Recently, a mysql binlog data extraction maxwell process in prod environment was monitored by prometheus. There was a problem in its operation. The monitoring showed that the process hung up frequently.
Because the maxwell instance service is under systemct service control, it will automatically pull up the program 20 seconds after it hangs up.

The reason is that it is speculated that the maxwell process can not be started due to failure, and is pulled up by systemct service again and again. It is monitored by prometheus as frequent restart.

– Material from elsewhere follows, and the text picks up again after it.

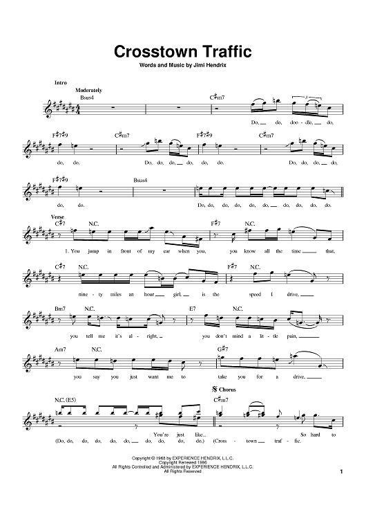 "Crosstown Traffic" Sheet Music by Jimi Hendrix

By viewing the service log, you can see the following error reports:

[root@server-xx system]# journalctl -xef


20:11:39,959 INFO  TaskManager - Stopping: com.zendesk.maxwell.schema.PositionStoreThread@6a827077
20:11:39,959 INFO  StoppableTaskState - com.zendesk.maxwell.schema.PositionStoreThread requestStop() called (in state: RUNNING)
20:11:39,959 INFO  TaskManager - Stopping: com.zendesk.maxwell.producer.MaxwellKafkaProducerWorker@565055db
20:11:39,959 INFO  StoppableTaskState - MaxwellKafkaProducerWorker requestStop() called (in state: RUNNING)
20:11:39,960 INFO  KafkaProducer - [Producer clientId=producer-1] Closing the Kafka producer with timeoutMillis = 9223372036854775807 ms.
20:11:39,964 INFO  TaskManager - Stopping: com.zendesk.maxwell.bootstrap.BootstrapController@d021375
20:11:39,964 INFO  StoppableTaskState - com.zendesk.maxwell.bootstrap.BootstrapController requestStop() called (in state: RUNNING)
20:11:39,964 INFO  TaskManager - Stopping: com.zendesk.maxwell.replication.BinlogConnectorReplicator@368831cf
20:11:39,964 INFO  StoppableTaskState - com.zendesk.maxwell.replication.BinlogConnectorReplicator requestStop() called (in state: STOPPED)
java.lang.RuntimeException: Couldn't find database mysql
	at com.zendesk.maxwell.replication.TableCache.processEvent(TableCache.java:28)
	at com.zendesk.maxwell.replication.BinlogConnectorReplicator.getTransactionRows(BinlogConnectorReplicator.java:486)
	at com.zendesk.maxwell.replication.BinlogConnectorReplicator.getRow(BinlogConnectorReplicator.java:592)
	at com.zendesk.maxwell.replication.BinlogConnectorReplicator.work(BinlogConnectorReplicator.java:175)
	at com.zendesk.maxwell.util.RunLoopProcess.runLoop(RunLoopProcess.java:34)
	at com.zendesk.maxwell.Maxwell.startInner(Maxwell.java:222)
	at com.zendesk.maxwell.Maxwell.start(Maxwell.java:156)
	at com.zendesk.maxwell.Maxwell.main(Maxwell.java:243)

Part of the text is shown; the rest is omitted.